Local theatre’s buzz-themes of the week? Racism and language.
Yesiree, there’s The Necessary Stage’s Model Citizens (of which my review/thoughts comes out in tomorrow’s paper – ah fine, I loved it) and Toy Factory’s To Kill A Mockingbird (which my colleague Showbiz Sista saw last week and wasn’t impressed).
Me, I just came back from it and I didn’t think it was that bad – I was sort of okay with it and some moments were gripping.
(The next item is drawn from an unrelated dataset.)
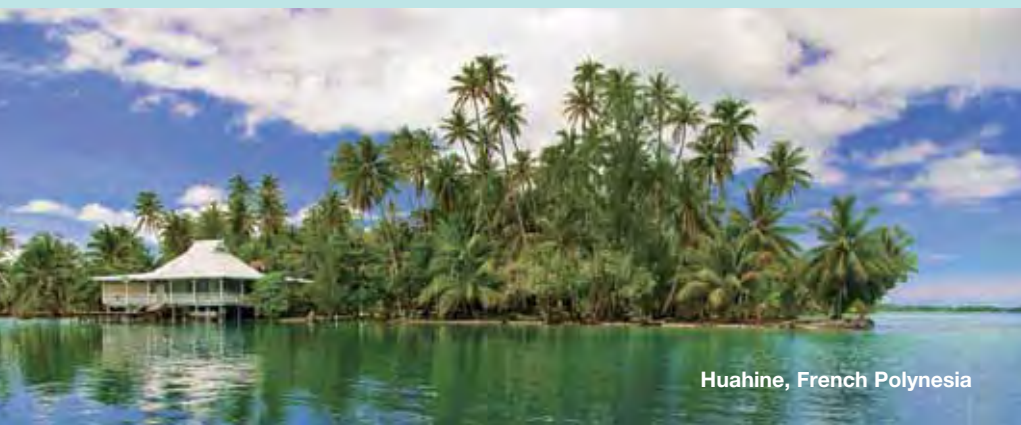
Huahine, French Polynesia

All air, cruise, and land accommodations, local transportation, and optional shore excursions are arranged by Oceania Cruises, who may use other suppliers or providers to render the services. The agreement in this brochure is the exclusive and entire statement of the agreement between you and Go Next, Inc. It should be read carefully.

Loved the set design – the stools were the s**t (cough cough) and the overhead mics were awesome (I’m assuming sound designer Darren Ng had a great part in it and utilized it to the max – and it was a very ingenuous way of integrating it as an added visual component).
So yes, racial tension in its different clashes by way of the colour wheel (Harper Lee’s black and white, Haresh and Alvin’s yellow and brown. Hee.) and language issues (TNS’ polyglot production that was damn brave in just spelling out the whole Mandarin language issue – and all its historical/political baggage – to people just in case they were, well, colour blind or just refuse to publicly acknowledge its existence. If anything, it said what needed to be said in the open.).
As for Mockingbird’s language themes? Hmm, let’s just say it was more confusing than being in a bar called Babel at 11pm on a Friday night. Or listening to Johnny Depp as The Mad Hatter. I.e. too many confusing accents. No need lah. Just stick to a decent, consistent one (consistent for the whole cast). And, you know, trust your audiences a bit more to know it’s set in the South.
I was thinking of more things to bring up (such as how, despite loving Model Citizens more than Mockingbird, I do think the latter’s a more vicious play – two people killed, no. Model Citizens only got one person stabbed!) but have lost my train of thought while multi-tasking (I was chatting with a Filipino art curator). So… night!